European Journal of Cardiovascular Medicine

The fetal membranes' proper development, structural integrity, and function are crucial for the normal progression of pregnancy, the labor process, and overall pregnancy outcomes. One of their key roles is to remain intact until the onset of labor at term. Preterm Premature Rupture of Membranes (PPROM) [1] Under normal circumstances, spontaneous rupture occurs near the end of the first stage of labor. [2] However, in approximately 10% of pregnancies, the fetal membranes fail to maintain their integrity, leading to rupture either before term or at term but before the onset of labor.
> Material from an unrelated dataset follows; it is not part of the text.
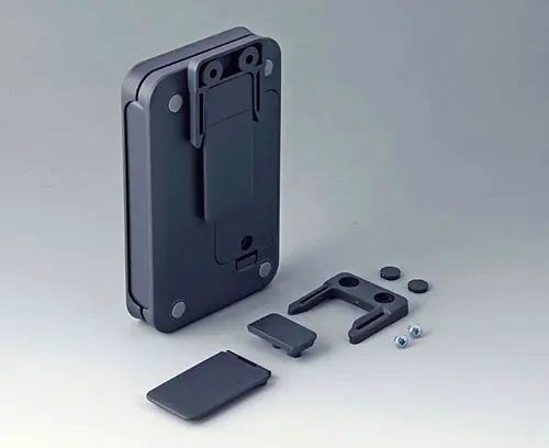 Serves as a clip and / or wall suspension. Assembly oriented towards the length or width (size S towards the length only). For a battery exchange, the clip can easily be removed. Two mounting holes diameter 4.2 mm necessary.
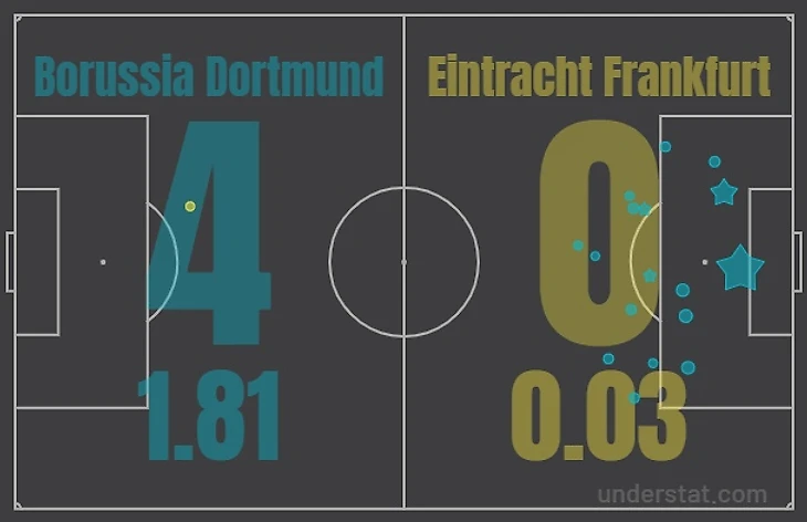 Во второй же половине все пошло гораздо веселее. После перерыва Дортмунд разошелся, а вот «орлы», наоборот, только сильнее поникли. Если в первом тайме еще можно было вспомнить какие-то попытки «Айнтрахта» в прессинге и атаке, то дальше все уныние их игры отражалось на лице главного тренера Ади Хюттера, который хоть и делал более замены, призванные усилить атаку, никак помочь они не смогли.

Preterm Premature Rupture of Membranes (PPROM) is defined as the spontaneous rupture of the amniotic membranes before the onset of uterine contractions or the initiation of labor, occurring after the gestational age of viability up to 36 weeks and 6 days.[3] This condition poses significant risks to both the mother and fetus, necessitating careful monitoring and appropriate medical intervention to optimize pregnancy outcomes.

The incidence of Preterm Premature Rupture of Membranes (PPROM) varies between 2% and 4.5% of all deliveries. [4] It is a significant contributor to preterm births, accounting for approximately 30% of all preterm deliveries. Additionally, PPROM is associated with around 10% of perinatal mortality, highlighting its critical impact on neonatal outcomes and the need for timely medical management.[5]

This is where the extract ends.